Exercise prompt:
Set the data down again, exactly as it reads, but without the pictures.

Dataset content:
=== Begin Enclosure ===
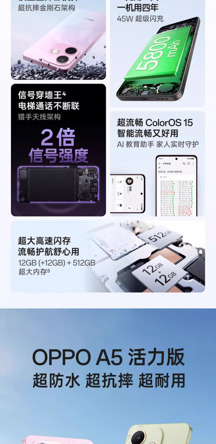 OnePlus 15% off subsidy OPPO A5 Vitality Edition New Product 5G Full Netcom IP69 Full Level Waterproof 360 Anti-fall Over Four Years Durable Large Battery Photo Game Agate Pink 8GB+256GB Active Edition National Joint Warranty
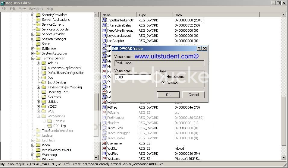 --Run gõ regedit rồi theo đường dẫn sau HKEY_LOCAL_MACHINE\SYSTEM\CurrentControlSet\Contro l\Terminal Server\WinStation\RDP-Tcp\PortNumber.Hãy thay đổi cổng 3389 mặc định của Remote Desktop thành 1 giá trị bất kì.Khi truy cập,thay vì dùng địa chỉ IP của máy,bạn phải thêm dấu 2 chấm và theo sau là cổng giao tiếp mà bạn vừa thay đổi
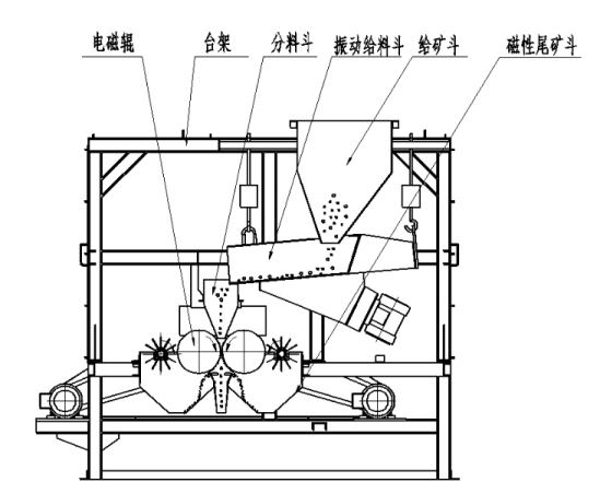 (3)給料方式是通過振動給料機實現物料在磁輥表面的均勻分布,通過控制放料板和擋條的間隙不僅能均勻給料,而且還能控制給料量的大小,保證料層厚度在合適范圍,確保最優磁選效果。
=== End Enclosure ===
Task result:
 OnePlus 15% off subsidy OPPO A5 Vitality Edition New Product 5G Full Netcom IP69 Full Level Waterproof 360 Anti-fall Over Four Years Durable Large Battery Photo Game Agate Pink 8GB+256GB Active Edition National Joint Warranty
 --Run gõ regedit rồi theo đường dẫn sau HKEY_LOCAL_MACHINE\SYSTEM\CurrentControlSet\Contro l\Terminal Server\WinStation\RDP-Tcp\PortNumber.Hãy thay đổi cổng 3389 mặc định của Remote Desktop thành 1 giá trị bất kì.Khi truy cập,thay vì dùng địa chỉ IP của máy,bạn phải thêm dấu 2 chấm và theo sau là cổng giao tiếp mà bạn vừa thay đổi
 (3)給料方式是通過振動給料機實現物料在磁輥表面的均勻分布,通過控制放料板和擋條的間隙不僅能均勻給料,而且還能控制給料量的大小,保證料層厚度在合適范圍,確保最優磁選效果。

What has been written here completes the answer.